Wenn das, was ich sah, das ist, was die Gesellschaft will, dann bin ja vielleicht _ich_ derjenige, der die Gesellschaft, die Norm, nicht erfüllt?!?

Wenn freizügiger Umgang mit Themen wie Sex schon ab Jugendalter „normal“ ist, ist meine Moralvorstellung wohl einfach antiquiert – wie auch wohl in vielen anderen Bereichen des Lebens, in denen der Respekt vor anderen Menschen, Recht, Gesetz, Gesellschaft oder Religion dem Streben nach eigenem Lustgewinn in jedweder Form offensichtlich längst geopfert wurde. Triebhaftes Verhalten als Maxime unserer Gesellschaft, man nennt es nur „Quoten-orientiert“, „Kaufanreize schaffen“, „Konsumverhalten“, „Bedarfsweckung“ oder eben „politisches Kalkül“.

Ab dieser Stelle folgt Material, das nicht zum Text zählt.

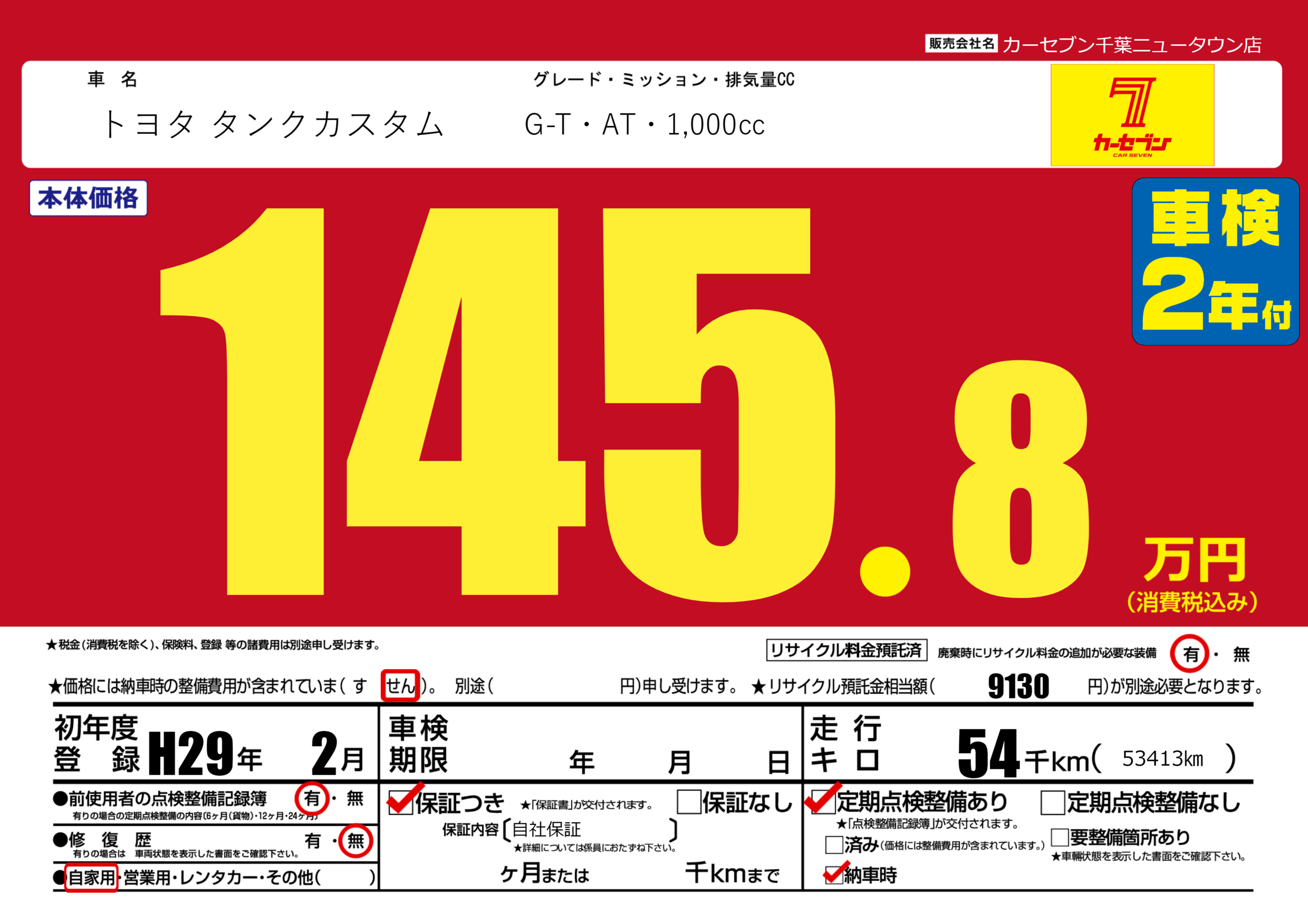 | 車名 | トヨタ タンクカスタム | グレード ミッション 排気量 |

Denn gerade letzteres mutet ja grotesk an, wenn man heute nur die Steuersenkungsversprechen verkündet, weil die große NRW-Wahl ansteht und man danach erst über die Zeche reden will. Denkt man sich: Das ist doch zu windig, das durschaut doch jeder Wähler. Aber im Gegenteil! Es wirkt! Immer wieder! Wahl für Wahl! Und dann fragst du dich: Wer ist eigentlich der Doofe? Man selbst! Wenn das so funktioniert und jeder das weiß ist doch der der Außenseiter, der immer noch nicht gelernt hat, dass der Fluß in die andere Richtung fließt.

Ich weiß noch nicht, was ich mit der Erkenntnis anfange. Schwer vorstellbar, dass der alte Hund in mir noch lernt Männchen zu machen. Zu viel verkorksten Idealmist aus den 80ern, konservative Erziehung und verblendeter Religionsvorstellungen von christlichen Werten steckt untrennbar in mir. Aber ich versuch mich künftig vielleicht etwas weniger darüber zu beschweren. Man will schließlich dem gesellschaftlichen Establishment nicht andauernd ans Bein pinkeln. Man muss auch mal lernen, dass „normal“ eben das ist, was den vorhandenen Normen entspricht.

Soziale Normen (Gesellschaftliche Normen) sind konkrete Vorschriften, die das Sozialverhalten betreffen. Sie definieren mögliche Handlungsformen in einer sozialen Situation. Sie sind gesellschaftlich und kulturell bedingt und daher von Gesellschaft zu Gesellschaft verschieden, unterliegen aber immer dem sozialen Wandel. Normen sind (äußerliche) Erwartungen der Gesellschaft an das Verhalten von Individuen in unterschiedlicher Verbindlichkeit. Sie sind zu unterscheiden von (innerer) vernunftgemäßer Gewissensprüfung von Handlungen (siehe Moral, Ethik, kategorischer Imperativ).